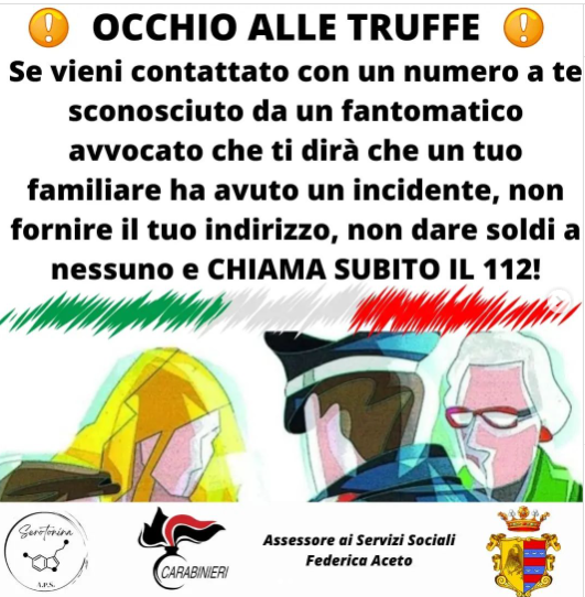 Attenzione, se vieni contattato da un fantomatico avvocato che ti dice che un tuo familiare ha avuto un incidente, non dare il tuo indirizzo, non dare soldi, chiama subito il 112. E’ il testo di una card che dovrebbe raggiungere tutta la popolazione. Le truffe agli anziani, infatti, sono troppe. C’è un forte allarme tra la cittadinanza e così, con il coordinamento dell’Associazione Serotonina, in collaborazione con il Centro Anziani “Gli Cuncone”, il Comando dei Carabinieri di Ceccano, nella figura del Luogotenente Fabio Laurentini e l’Assessore ai Servizi Sociali del Comune di Ceccano Federica Aceto, nasce una campagna informativa per divulgare le informazioni utili per la tutela dei più fragili nel caso si dovessero trovare in situazioni di difficoltà o dubbio.
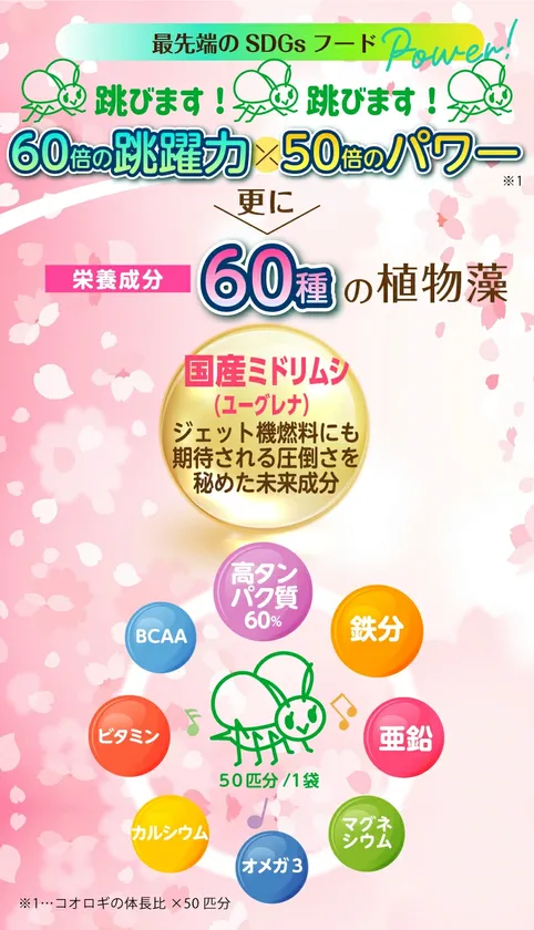たんぱく質以外にも豊富な栄養素を持つコオロギに加えてミドリムシも配合したサプリメントです
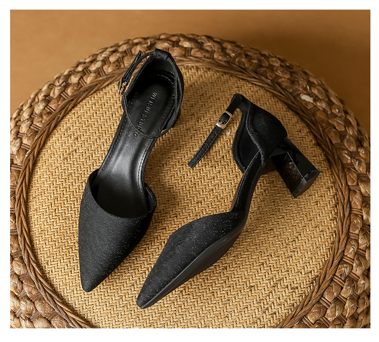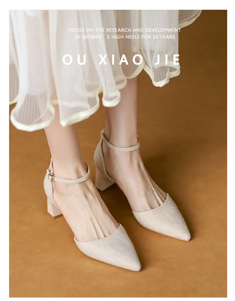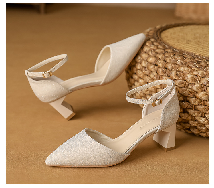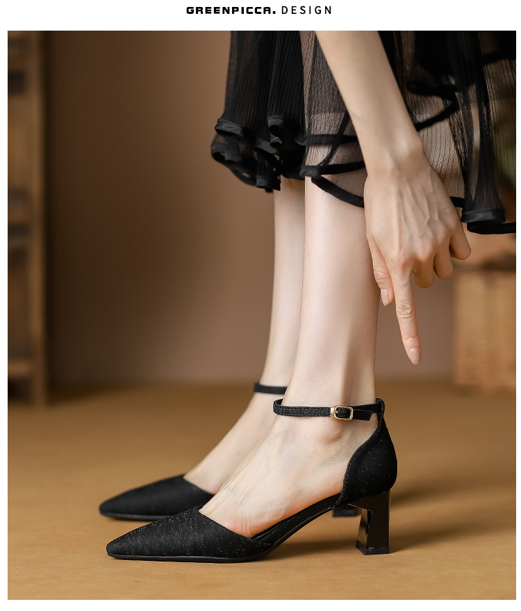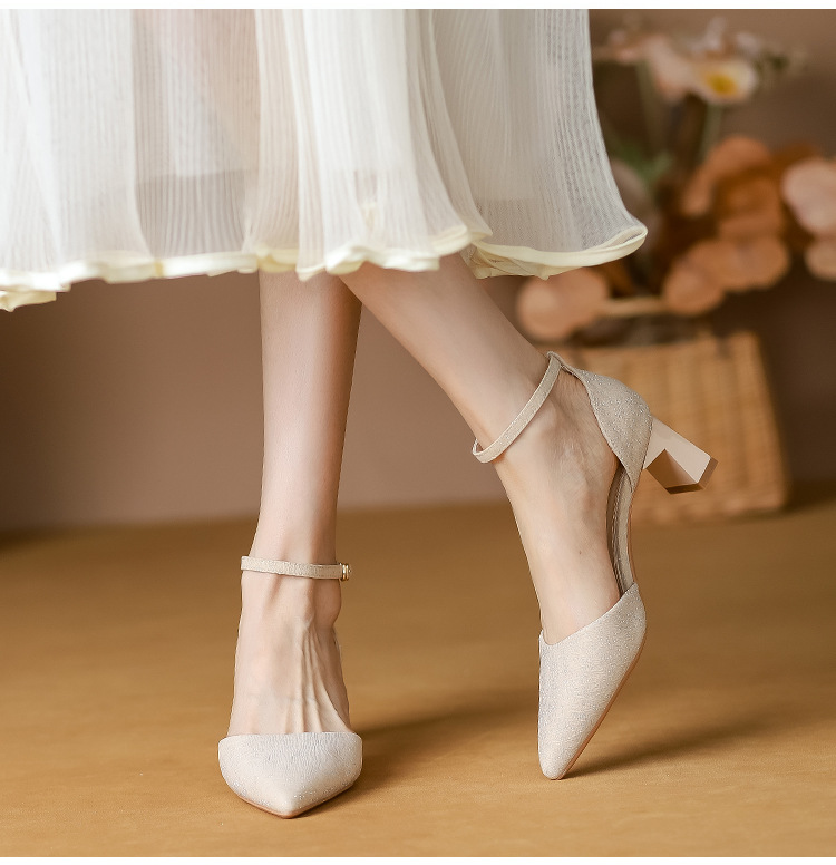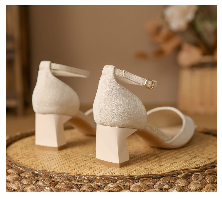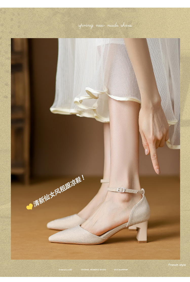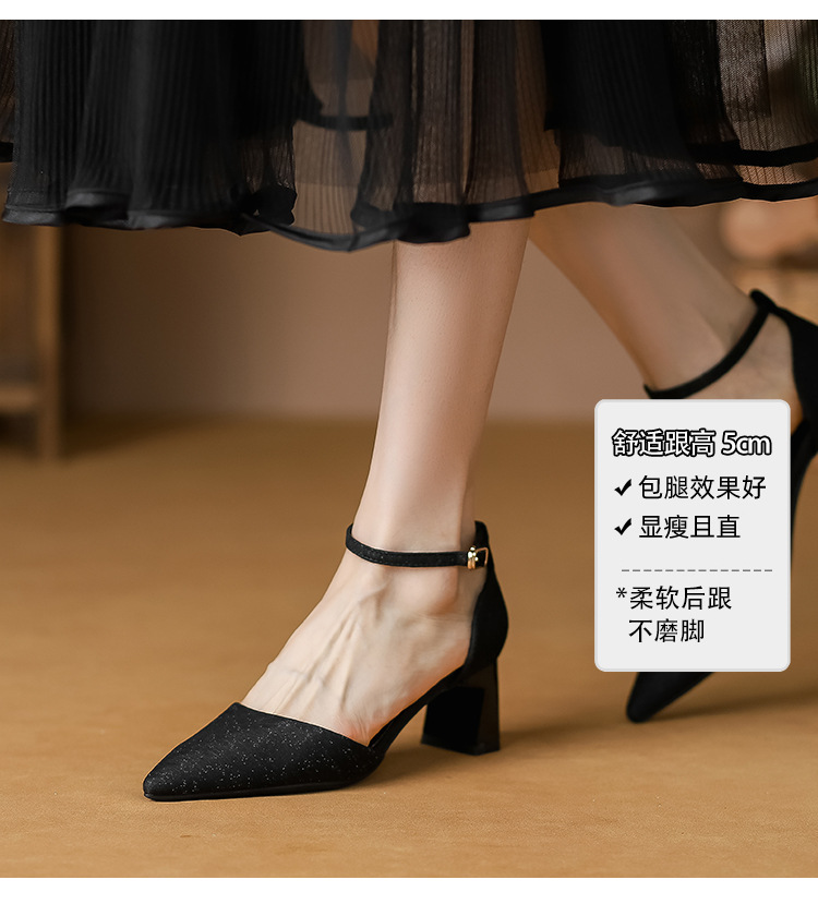 넓고 통통한 피트 크기 41-43 덮인 발가락 샌들 여성의 2023 년 여름 버클이 달린 새로운 넓고 뚱뚱한 하이힐

**YOUR GOAL:**
Each of the lines above should be transcribed exactly; no image is to be copied.

**ANSWER:**
 Attenzione, se vieni contattato da un fantomatico avvocato che ti dice che un tuo familiare ha avuto un incidente, non dare il tuo indirizzo, non dare soldi, chiama subito il 112. E’ il testo di una card che dovrebbe raggiungere tutta la popolazione. Le truffe agli anziani, infatti, sono troppe. C’è un forte allarme tra la cittadinanza e così, con il coordinamento dell’Associazione Serotonina, in collaborazione con il Centro Anziani “Gli Cuncone”, il Comando dei Carabinieri di Ceccano, nella figura del Luogotenente Fabio Laurentini e l’Assessore ai Servizi Sociali del Comune di Ceccano Federica Aceto, nasce una campagna informativa per divulgare le informazioni utili per la tutela dei più fragili nel caso si dovessero trovare in situazioni di difficoltà o dubbio.
たんぱく質以外にも豊富な栄養素を持つコオロギに加えてミドリムシも配合したサプリメントです
 넓고 통통한 피트 크기 41-43 덮인 발가락 샌들 여성의 2023 년 여름 버클이 달린 새로운 넓고 뚱뚱한 하이힐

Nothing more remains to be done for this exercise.